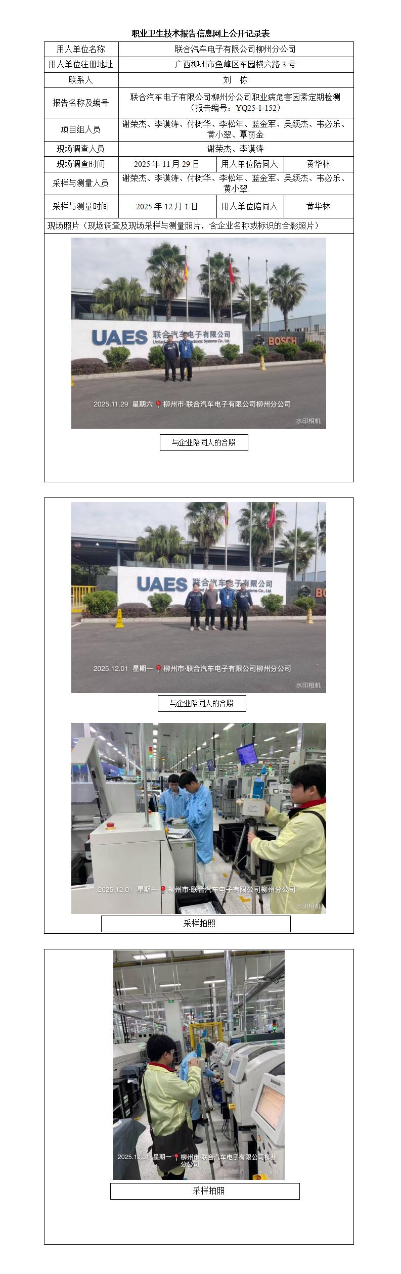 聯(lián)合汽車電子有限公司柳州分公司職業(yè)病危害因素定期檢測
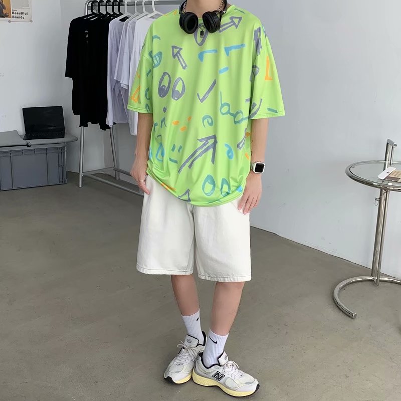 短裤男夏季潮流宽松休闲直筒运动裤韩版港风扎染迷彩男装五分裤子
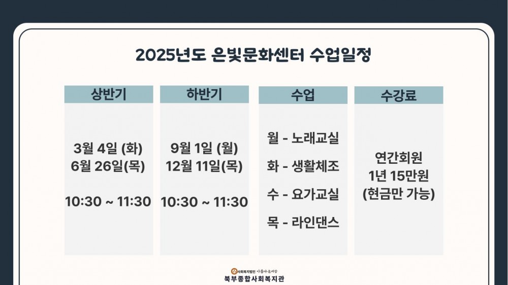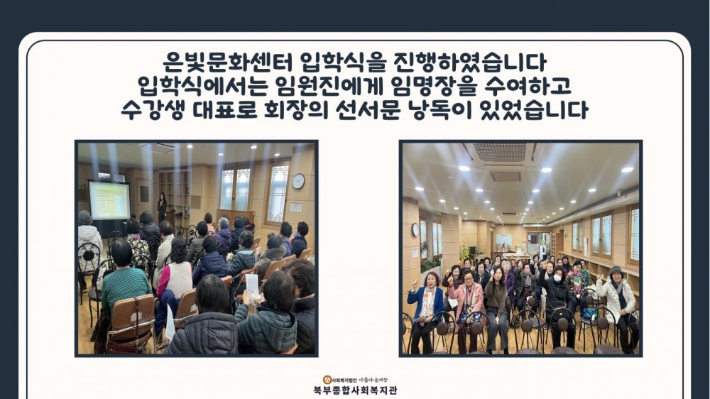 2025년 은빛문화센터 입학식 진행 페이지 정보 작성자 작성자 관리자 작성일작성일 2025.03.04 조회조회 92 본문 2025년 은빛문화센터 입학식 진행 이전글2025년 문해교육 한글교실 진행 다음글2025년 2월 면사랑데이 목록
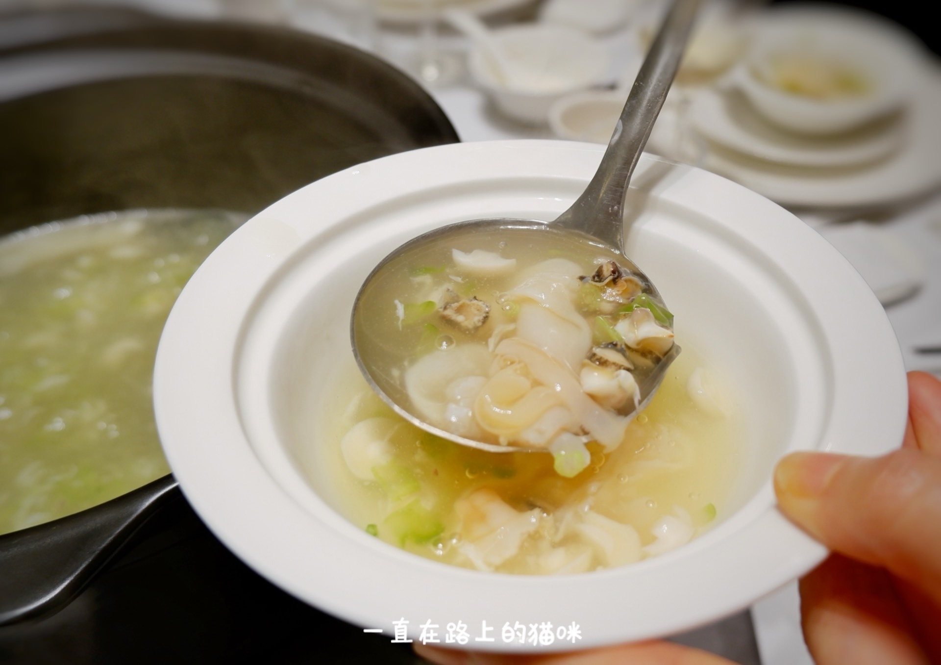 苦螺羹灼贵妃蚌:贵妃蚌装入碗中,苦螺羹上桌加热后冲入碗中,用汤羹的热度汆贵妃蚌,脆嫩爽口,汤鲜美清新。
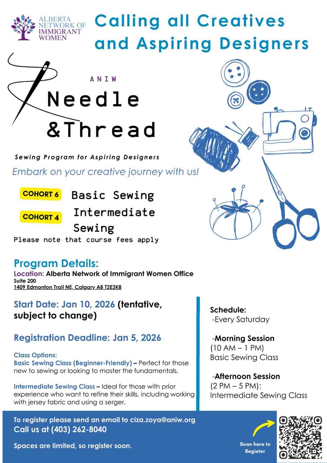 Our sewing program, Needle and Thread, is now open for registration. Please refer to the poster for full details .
________________________________________
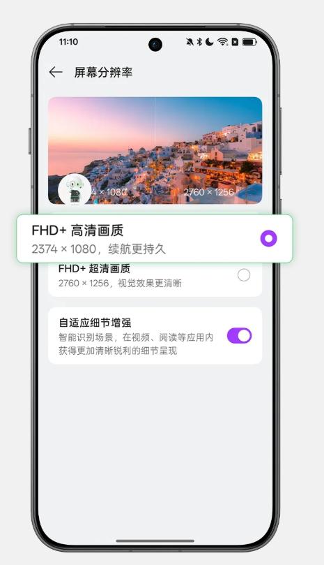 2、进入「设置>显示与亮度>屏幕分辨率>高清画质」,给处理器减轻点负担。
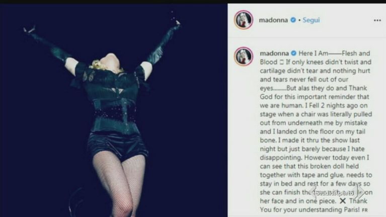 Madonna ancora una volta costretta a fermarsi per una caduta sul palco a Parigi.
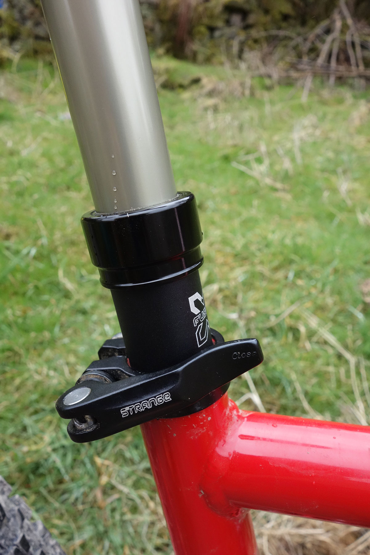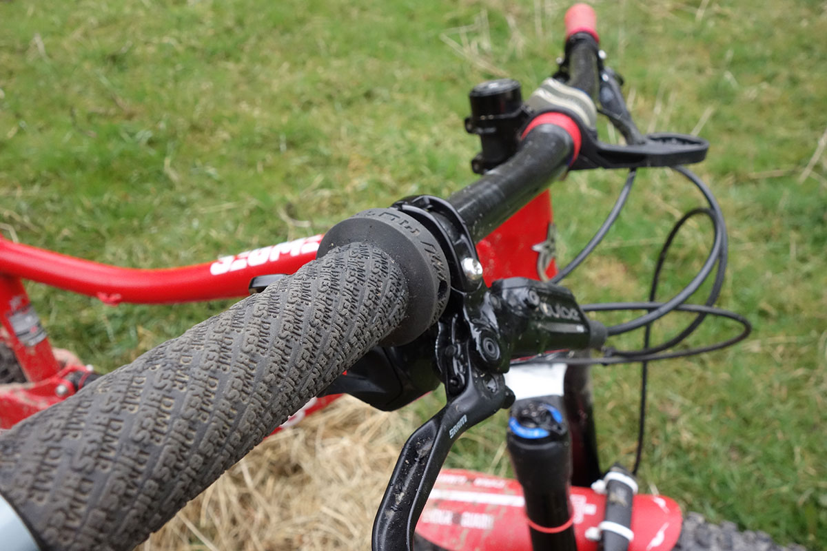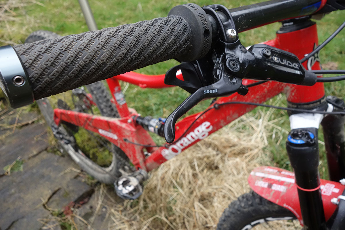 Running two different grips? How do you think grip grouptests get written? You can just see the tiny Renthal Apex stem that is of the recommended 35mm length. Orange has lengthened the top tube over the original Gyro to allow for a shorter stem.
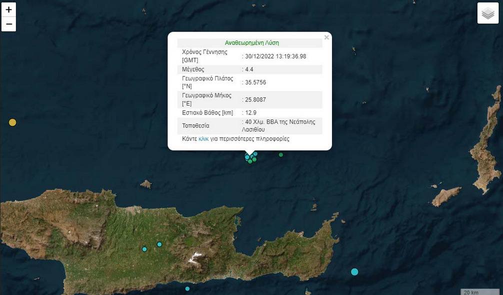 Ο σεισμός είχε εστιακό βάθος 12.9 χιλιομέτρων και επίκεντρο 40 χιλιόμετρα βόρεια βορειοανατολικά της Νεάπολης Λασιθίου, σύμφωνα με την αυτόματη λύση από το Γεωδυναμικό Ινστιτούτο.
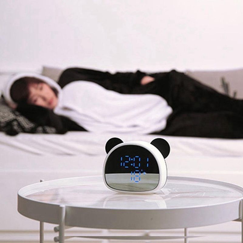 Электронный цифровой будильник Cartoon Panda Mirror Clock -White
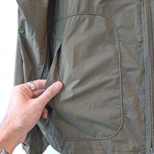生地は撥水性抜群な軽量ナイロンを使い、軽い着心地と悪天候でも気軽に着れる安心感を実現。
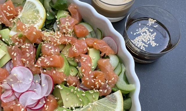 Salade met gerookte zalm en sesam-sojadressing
________________________________________
Try it
Between and including the line with "聯(lián)合汽車電子有限公司柳州分公司職業(yè)病危害因素定期檢測" and the line with "Our sewing program, Needle", repeat every line exactly as it appears above, with pictures left out.

Exercise result
 聯(lián)合汽車電子有限公司柳州分公司職業(yè)病危害因素定期檢測
 短裤男夏季潮流宽松休闲直筒运动裤韩版港风扎染迷彩男装五分裤子
 2025년 은빛문화센터 입학식 진행 페이지 정보 작성자 작성자 관리자 작성일작성일 2025.03.04 조회조회 92 본문 2025년 은빛문화센터 입학식 진행 이전글2025년 문해교육 한글교실 진행 다음글2025년 2월 면사랑데이 목록
 苦螺羹灼贵妃蚌:贵妃蚌装入碗中,苦螺羹上桌加热后冲入碗中,用汤羹的热度汆贵妃蚌,脆嫩爽口,汤鲜美清新。
 Our sewing program, Needle and Thread, is now open for registration. Please refer to the poster for full details .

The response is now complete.